Google’s Brilliant Move

Google Shopping Express could unlock the massive marketing budgets of CPG companies and retailers

Panabee
3 min readMay 24, 2014

Google Shopping Express offers consumers same-day delivery from Target, Walgreens, and other popular retailers. The program, presently limited to San Francisco, Los Angeles, and Manhattan, is free for a user’s first six months. After the promotional period ends, shipments will cost a flat rate of $4.99 per store.

Skeptics challenge the profitability of the program, but this reasoning appears short sighted and overlooks the promise of self-driving cars, which could eventually reduce transportation costs by 88% according to a study by Columbia University.

Cost concerns aside, Google Shopping Express is brilliant for the advertising revenue it creates. Not only can Google collect richer data and display more tailored — meaning more lucrative — ads, the company can leverage the program to show more ads both within the app and on the web. Users also gain more leisure time. Assuming each trip to the store requires 30 min — 45 min on average, Shopping Express provides more time to spend online — and potentially more time on Google properties. Effectively, Google Shopping Express boosts two critical factors of ad revenue: number of impressions and price per ad.

More importantly, Shopping Express lets Google reach deeper into the massive coffers of retailers and consumer product goods (CPG) companies.

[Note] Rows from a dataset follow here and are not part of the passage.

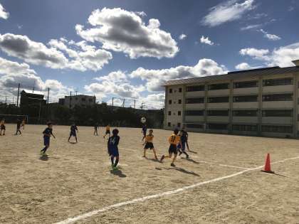 【サッカー部】U-13 公開日 2018/10/22 更新日 2018/10/22 学校の様子 U−13サッカーリーグ2018京都 10月20日(土)に1年生中心の大会が行われました。藤森中はCグループ(藤森・太秦・上京・桂・神川・桂川)に入り、1節目が太秦中との試合でした。結果は9−1で勝ち、良いスタートを切ることができました!次節は11月24日(土) に桂会場で上京中と対戦します!応援よろしくお願いします!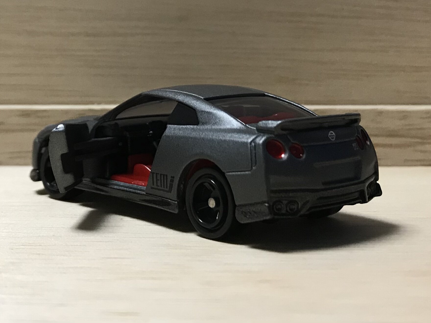 サイドはトミカイベントモデルの文字ではなく、トミカイベントモデルを意味する「TEM」の3文字になっています。スポーティーでパーツメーカーのような感じになっていて、違和感のなく溶け込んでいます。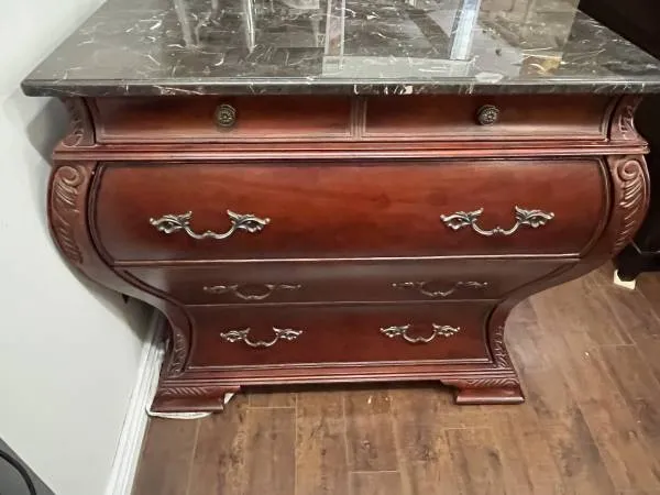 Decorative dresser in great shape. Has classy red flannel lining inside drawers. 40 wide x 35 tall x 19 deep. 3 large drawers plus 1 thin top drawer. $275. Can deliver nearby for an extra fee. Mid City LA near Fairfax and Pico Streets. Contact outdoorslew at gee male or call 310-770-7962.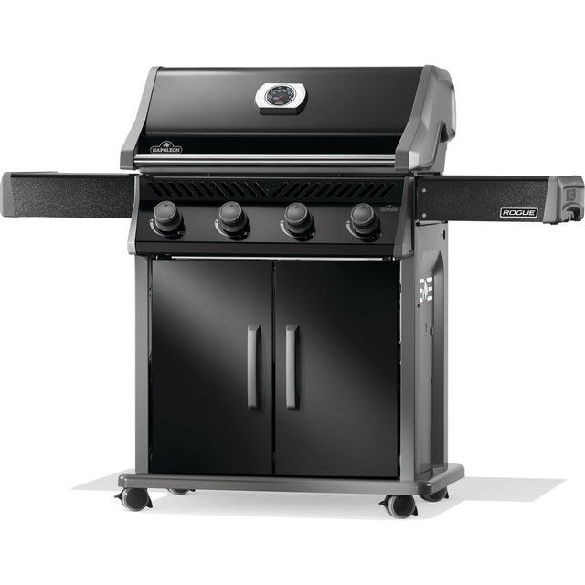 La elegante parrilla negra de gas propano Rogue® 525 de Napoleon es una mejora moderna para su espacio al aire libre. Consiga las mejores marcas de sellado con nuestras rejillas para cocinar Wave con forma de onda de acero inoxidable. Los cuatro quemadores de acero inoxidable garantizan un control de temperatura preciso y las placas de sellado de doble nivel vaporizan los jugos de los alimentos para intensificar los sabores. Con una superficie para asar de 0,34 m2 (525 in2), puede elaborar comidas deliciosas para cualquier ocasión. La tapa de porcelana y la estructura con revestimiento de pintura en polvo son fáciles de mantener y combinan a la perfección con su decoración exterior. Las rueditas con bloqueo facilitan el traslado y los estantes laterales plegables de acero inoxidable ahorran espacio. Disfrute de la versatilidad, la calidad y la asequibilidad inigualables de esta parrilla de gas de la serie Rogue® de Napoleon.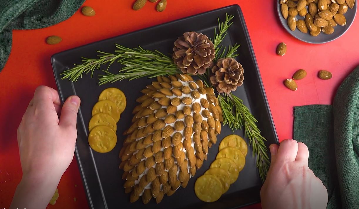 Sobre un plato, dale al queso crema una forma oval o de cono. Luego, entierra las almendras en fila, una al lado de la otra. Ahora coloca el romero en la parte superior del óvalo de queso para simular las «ramitas» de la piña.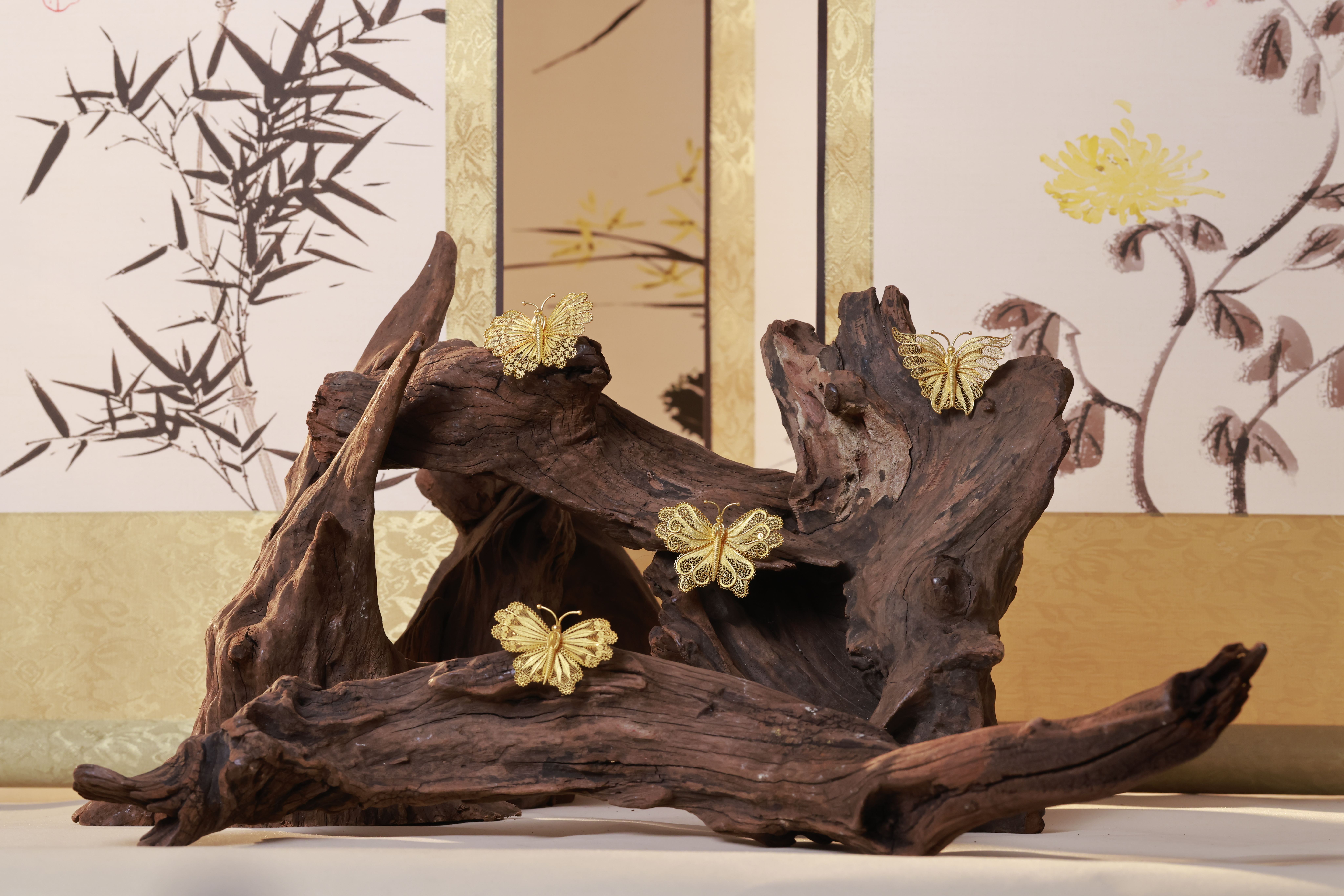 以「花丝蝴蝶胸针吊坠系列」为例,工整对称的蝴蝶造型象征结构平衡稳定与风水阴阳调和,匠人运用多种编织工艺,使单一色调的金器呈现出五彩斑斓的效果;「花开宝相项坠系列」以宝相花为设计意象,代表富贵繁盛与圣洁高贵;「宫灯耳环系列」复刻并改良自首都博物馆馆藏的「清·金质累丝宫灯状耳坠」,是花丝工艺的集大成之作,其六出脊设计寄托了人们对「六合」消灾祈福的愿望。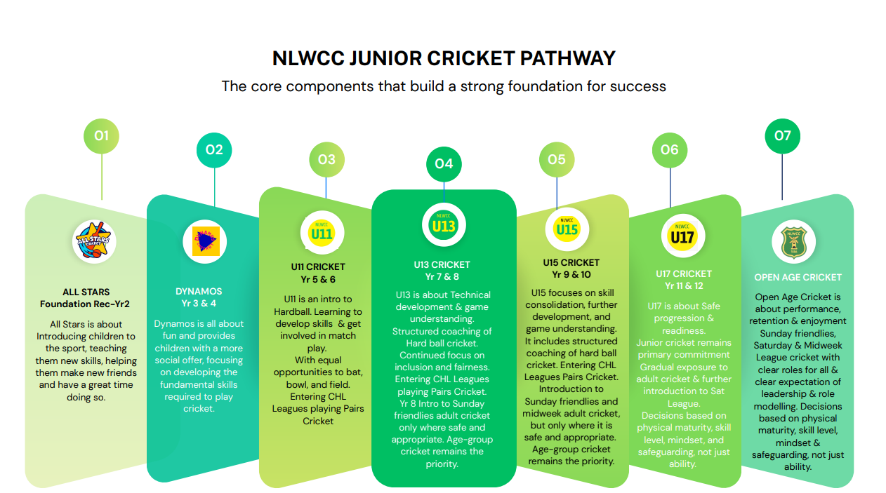 - Introduction to Sunday & midweek adult cricket (where appropriate)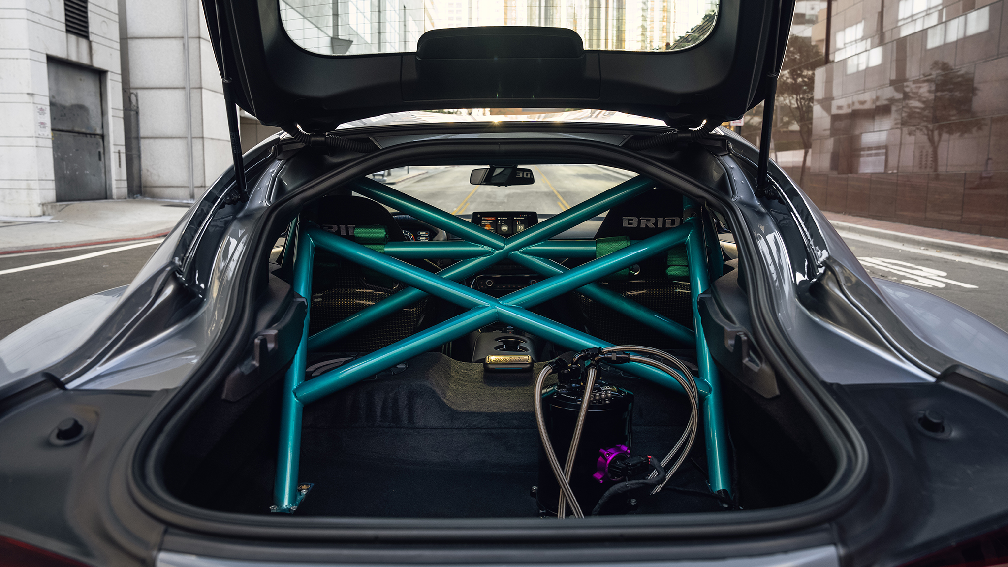 InteriorBride Gias II carbon Kevlar-backed seats; Takata harnesses; Vertex steering wheel; Project Mu pedals, shift knob; Mobile Weld Specialist custom roll cage; AIM Sports MXL digital cluster, datalogger

In 2013, the retail and CPG sectors accounted for roughly $13 billion in digital advertising in the US. Assuming 25% of marketing dollars were spent online, these two industries taken together commanded marketing budgets worth $52 billion.

CPG companies will be particularly incentivized to advertise more online. Since they traditionally do not sell directly to consumers, relying instead on retailers like Target, CPG companies lack access to purchasing data and cannot easily trace how many sales, if any, came from a specific ad. These companies have unsurprisingly viewed marketing as a means to build brand awareness, not drive sales.

Shopping Express changes this. Clicking an ad from Colgate could drop a box of toothpaste into your digital shopping cart. Budweiser could offer digital coupons hours before the Super Bowl and observe how much those deals influenced sales. For the first time, brands will have an easy and reliable mechanism for measuring how well advertising drives actual sales.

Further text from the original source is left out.